The common meaning of "conflict of interest" applies to render this exclusion moot. Plaintiff argues that the Universal Defendants' position as a seller in the industry where they are also performing consulting services creates a conflict of interest. However, the Waun Defendants are correct to point out that this renders the entire policy meaningless, as every single instance of consulting "in the non-structural design and business marketing of coin operated laundries" would be an immediate conflict of interest, and the policy would cover nothing at all. The only acceptable form of consulting, according to Plaintiff, would be consulting with a party not interested in the purchase of machinery; however, this would still involve a potential conflict under Plaintiff's framing, as the other party (being involved in the coin-operated laundry business) is always a potential purchaser of machinery.
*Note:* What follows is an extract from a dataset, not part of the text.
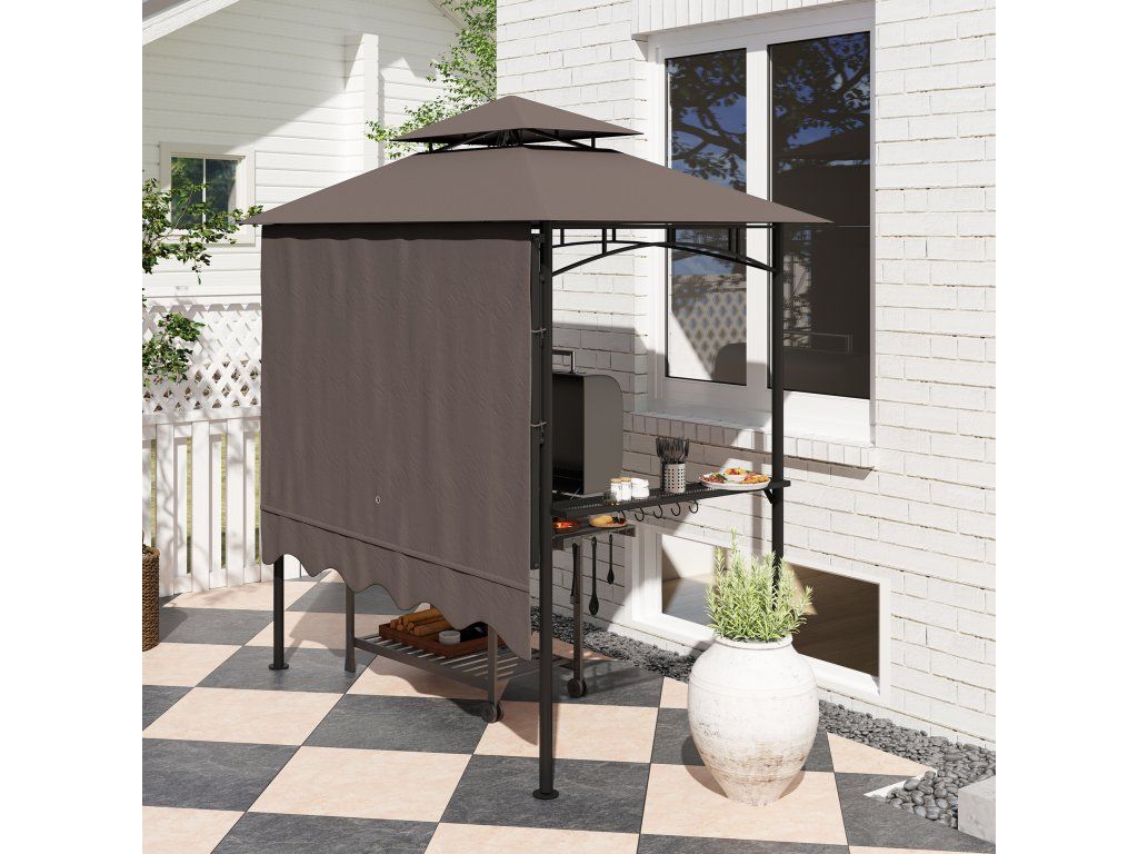 Altán na grilování 242x232x248 cm vodoodpudivý nehořlavý zahradní altán s dvouvrstvou střechou káva

There is simply no set of circumstances under which Plaintiff's interpretation would allow coverage, and it is absurd to think that the Universal Defendants would have purchased insurance that insured nothing at all. This Court, mindful to avoid "strained constructions," Fitch v. State Farm Fire Cas. Co., 536 N.W.2d at 275, therefore finds that this provision does not bar this claim.
V. CONCLUSION
The basic principles of contract interpretation compel the Court to construe terms "so as to render none nugatory and avoid illusory promises." Yard-Man, Inc., 716 F.2d at 1479-80. Accepting Plaintiff's arguments would have exactly the opposite effect, and would result in an insurance contract that insured nothing at all.
Accordingly, IT IS HEREBY ORDERED that Plaintiff's Motion for Summary Judgment is DENIED and the Waun Defendants' Motion for Summary Judgment is GRANTED.